Exercise requirements
Please produce a character-exact copy of the listing that follows, omitting all images.

Stored data
--- START ---
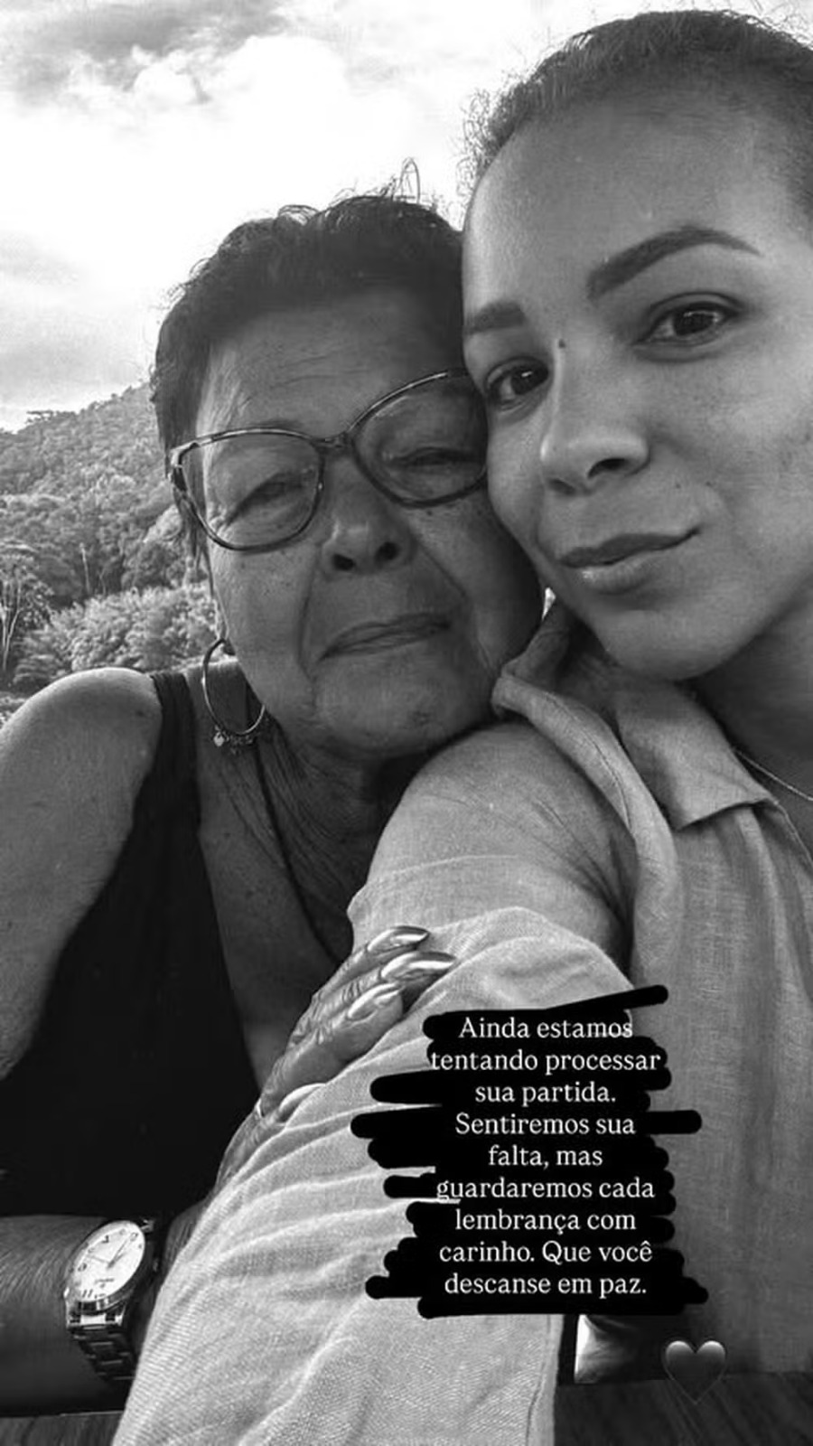 A notícia foi compartilhada por Belle nas redes sociais neste sábado (14). Nos Stories do Instagram, ela lamentou a morte da sogra e publicou uma mensagem de despedida.
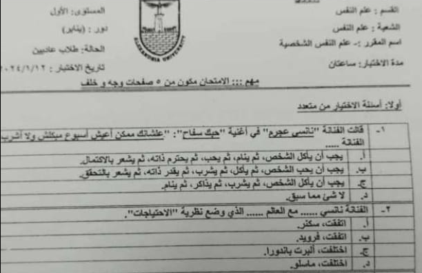 امتحان أداب الإسكندرية، آثار امتحان علم النفس بكلية الآداب، جامعة الإسكندرية، جدلًا واسعًا وتفاعلا بين نشطاء مواقع التواصل الاجتماعي، وخاصة أن الامتحان جاء فيه سؤالان، إحداهما عن أغنية الفنانة اللبنانية نانسي عجرم "حبك سفاح"، والثاني عن أغنية الفنانة إليسا "حالة حب".
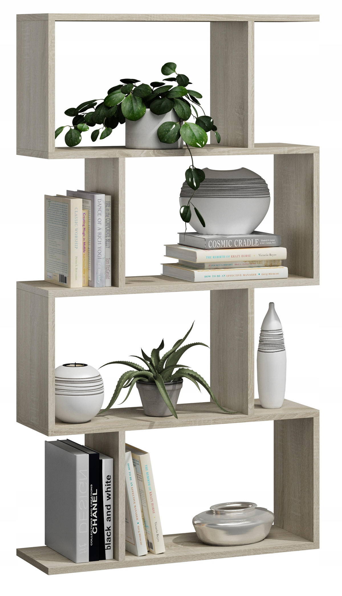 Info zu diesem Artikel - Dynamische Optik: Die links- und rechtsseitig verschobene Regalablagen bringen eine unglaubliche Dynamik in den Raum. Mit entsprechender Dekoration wird das Bücherregal zu einem optischen Blickfang im Raum.
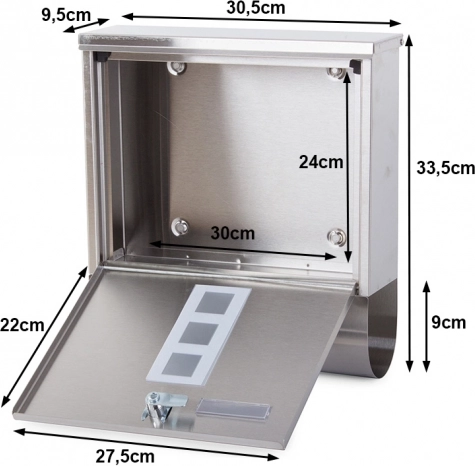 Med ostalimi prednostmi so dodatna posoda za časopise in tri prozorne odprtine, ki omogočajo enostaven pregled vsebine nabiralnika. Paket vključuje tudi okence za naslove za nameščanje osebnih sporočil.
--- END ---
Solution to this task
 A notícia foi compartilhada por Belle nas redes sociais neste sábado (14). Nos Stories do Instagram, ela lamentou a morte da sogra e publicou uma mensagem de despedida.
 امتحان أداب الإسكندرية، آثار امتحان علم النفس بكلية الآداب، جامعة الإسكندرية، جدلًا واسعًا وتفاعلا بين نشطاء مواقع التواصل الاجتماعي، وخاصة أن الامتحان جاء فيه سؤالان، إحداهما عن أغنية الفنانة اللبنانية نانسي عجرم "حبك سفاح"، والثاني عن أغنية الفنانة إليسا "حالة حب".
 Info zu diesem Artikel - Dynamische Optik: Die links- und rechtsseitig verschobene Regalablagen bringen eine unglaubliche Dynamik in den Raum. Mit entsprechender Dekoration wird das Bücherregal zu einem optischen Blickfang im Raum.
 Med ostalimi prednostmi so dodatna posoda za časopise in tri prozorne odprtine, ki omogočajo enostaven pregled vsebine nabiralnika. Paket vključuje tudi okence za naslove za nameščanje osebnih sporočil.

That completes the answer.